Start of Entries shown

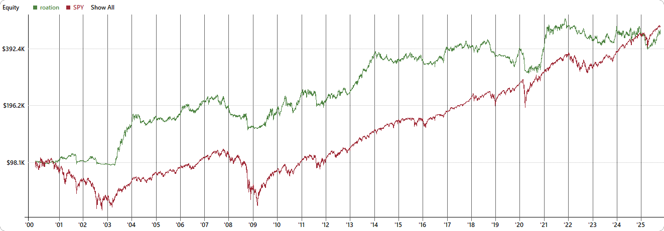 Here’s the equity curve comparison for the top 20% ADV vs bottom 20% ADV.
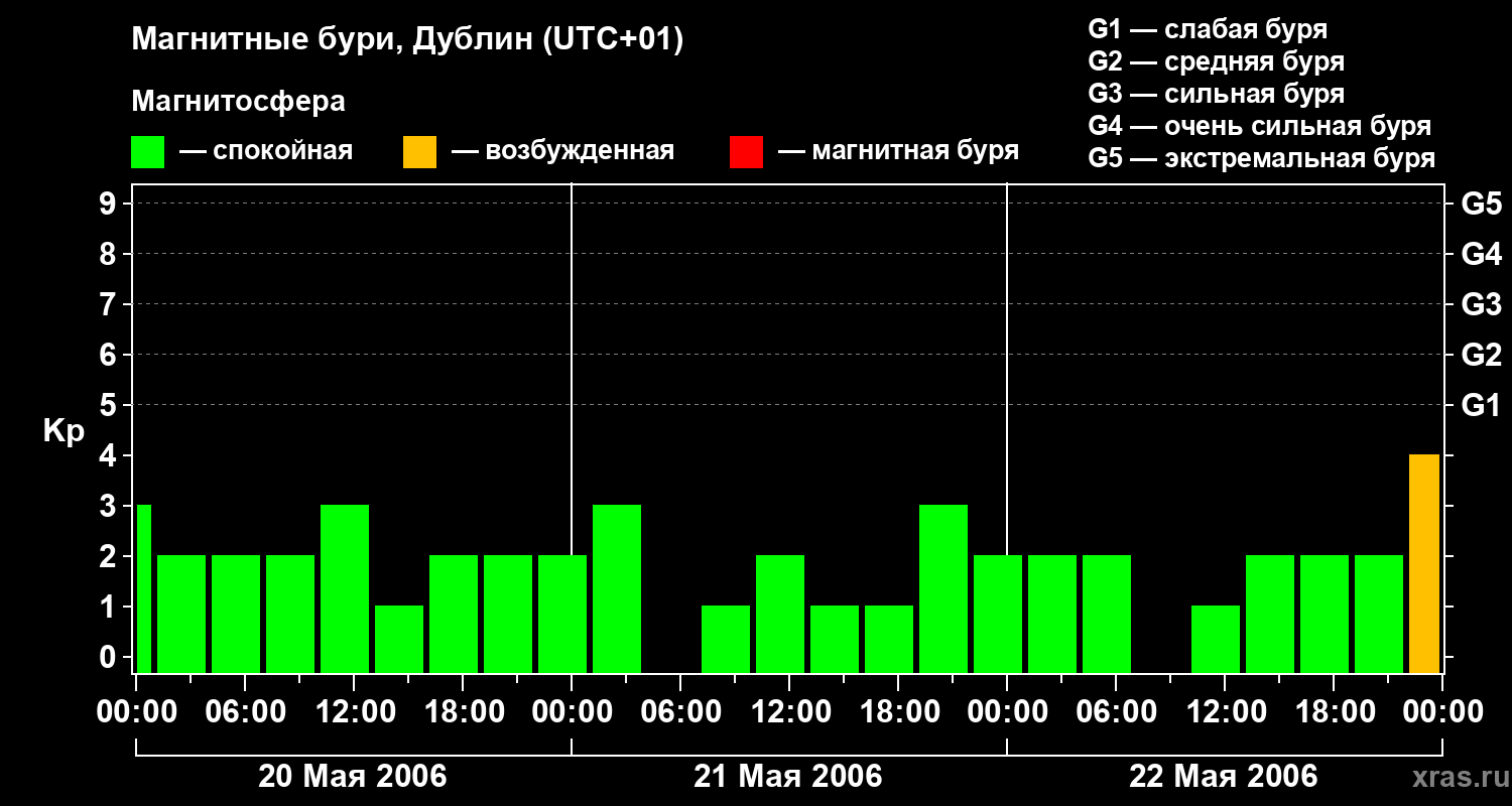 Изменения геомагнитного индекса Kp с 20 по 22 мая 2006 года для средних широт
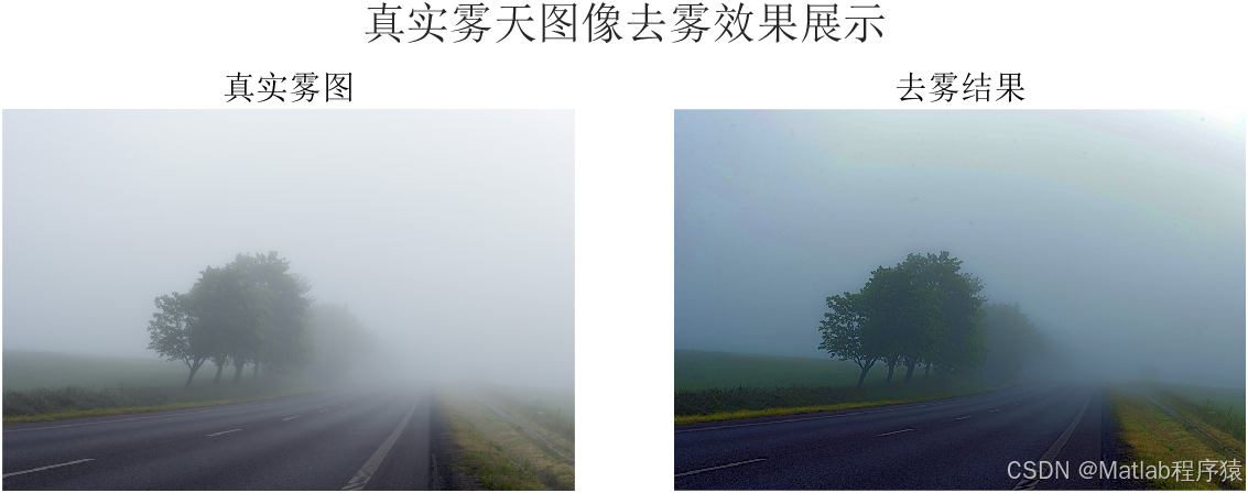 因此,从工程实现角度出发,采用“物理模型约束 + 多先验融合 + 后处理校正”的思路具有较强现实意义。它既能保持算法流程的可解释性,又能够通过模块化方式缓解单一先验的局限,更适合在 MATLAB 环境中构建结构清晰、结果直观且便于分析的图像去雾系统。
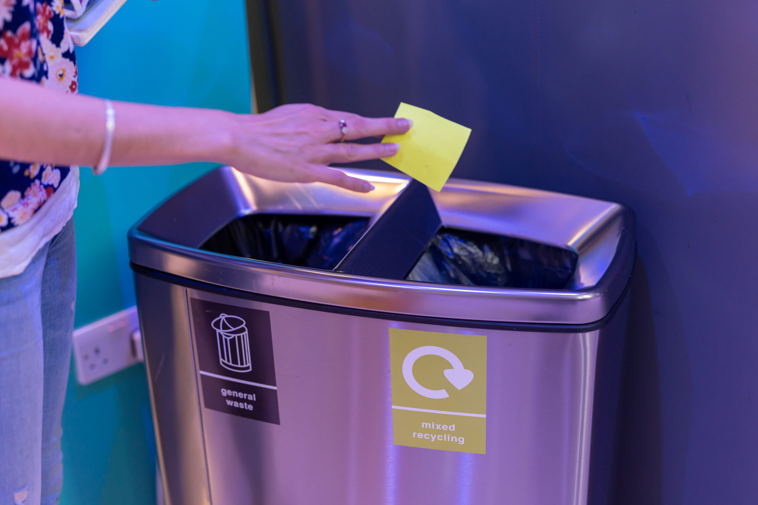 A girl putting something in recycle
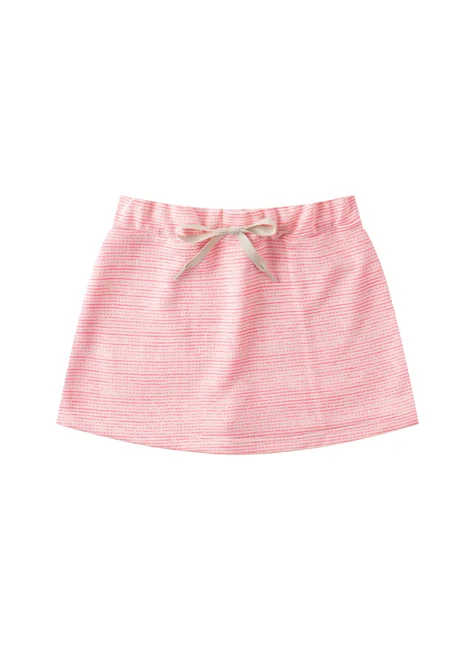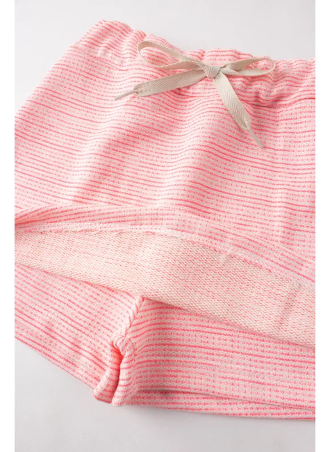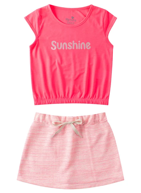 Conjunto de punto rosa neón Sunshine para niña , compuesto por dos piezas. Top de punto de poliéster (100 % poliéster), cuello redondo, estampado frontal con detalle de purpurina y bajo elástico. Falda corta de sudadera a rayas (50 % algodón, 50 % poliéster), cinturilla elástica y cordón decorativo frontal, solapa frontal.
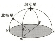 我国某中学天文观测地理兴趣活动小组经常观察天空中的恒星运动规律,该小组某学生于北京时间2024年10月12日21时看到织女星正好位于天顶。此时该地的区时为21时,如图为此时北极星和织女星的位置示意图。读图,完成12~13题。
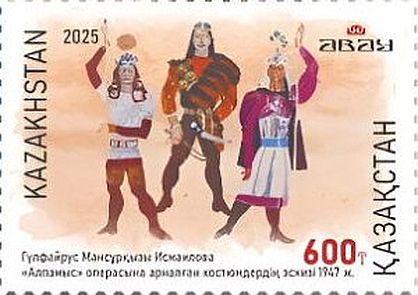 6 x 600 T, Gebäude des nationalen Opern- und Ballett-Theaters von Kasachstan und Porträts verschiedener Sänger. | Opernhaus, Sänger |

End of Entries shown

■ Problem to solve
Only the lines from the one containing "Изменения геомагнитного индекса" through the last line of the entries should be transcribed, exactly and with no pictures.

■ Result below
 Изменения геомагнитного индекса Kp с 20 по 22 мая 2006 года для средних широт
 因此,从工程实现角度出发,采用“物理模型约束 + 多先验融合 + 后处理校正”的思路具有较强现实意义。它既能保持算法流程的可解释性,又能够通过模块化方式缓解单一先验的局限,更适合在 MATLAB 环境中构建结构清晰、结果直观且便于分析的图像去雾系统。
 A girl putting something in recycle
 Conjunto de punto rosa neón Sunshine para niña , compuesto por dos piezas. Top de punto de poliéster (100 % poliéster), cuello redondo, estampado frontal con detalle de purpurina y bajo elástico. Falda corta de sudadera a rayas (50 % algodón, 50 % poliéster), cinturilla elástica y cordón decorativo frontal, solapa frontal.
 我国某中学天文观测地理兴趣活动小组经常观察天空中的恒星运动规律,该小组某学生于北京时间2024年10月12日21时看到织女星正好位于天顶。此时该地的区时为21时,如图为此时北极星和织女星的位置示意图。读图,完成12~13题。
 6 x 600 T, Gebäude des nationalen Opern- und Ballett-Theaters von Kasachstan und Porträts verschiedener Sänger. | Opernhaus, Sänger |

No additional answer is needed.